**Exercise instructions**
I'd like the data below restated word for word, with the pictures left out.

**Raw data**
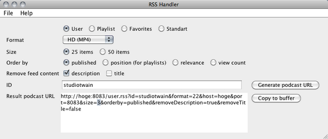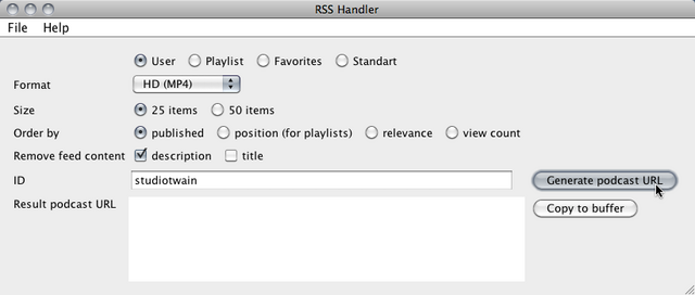 5. 設定ウインドウのトップで「User」を選択している場合は,講読したいYouTubeユーザーのIDを入力します(例:studiotwain)そして『Generate podcast URL』ボタンをクリックすると,Result podcast URL欄にURLが生成されるハズです
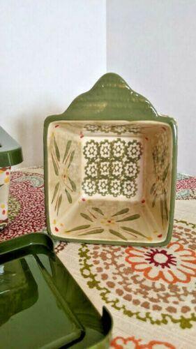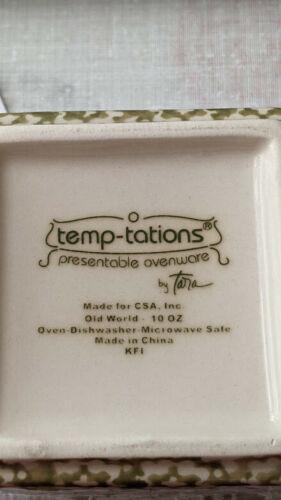 Temptations By Tara Old World Green 4 -10 ounce Square Bowls/Ramekins with Lids
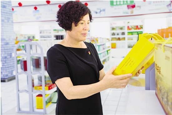 ◁裘银芳在“名特优商品购物中心”察看商品。
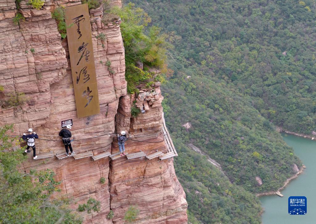 近年來,河南省輝縣市依託南太行山優質旅游資源,積極探索沉浸式文旅新模式,打造以“崖”為主題的景區,建成投運了“空中巴士”、蹦極等懸崖文旅項目,讓廣大游客沉浸式游覽在懸崖峭壁之中。

**Reply**
 5. 設定ウインドウのトップで「User」を選択している場合は,講読したいYouTubeユーザーのIDを入力します(例:studiotwain)そして『Generate podcast URL』ボタンをクリックすると,Result podcast URL欄にURLが生成されるハズです
 Temptations By Tara Old World Green 4 -10 ounce Square Bowls/Ramekins with Lids
 ◁裘银芳在“名特优商品购物中心”察看商品。
 近年來,河南省輝縣市依託南太行山優質旅游資源,積極探索沉浸式文旅新模式,打造以“崖”為主題的景區,建成投運了“空中巴士”、蹦極等懸崖文旅項目,讓廣大游客沉浸式游覽在懸崖峭壁之中。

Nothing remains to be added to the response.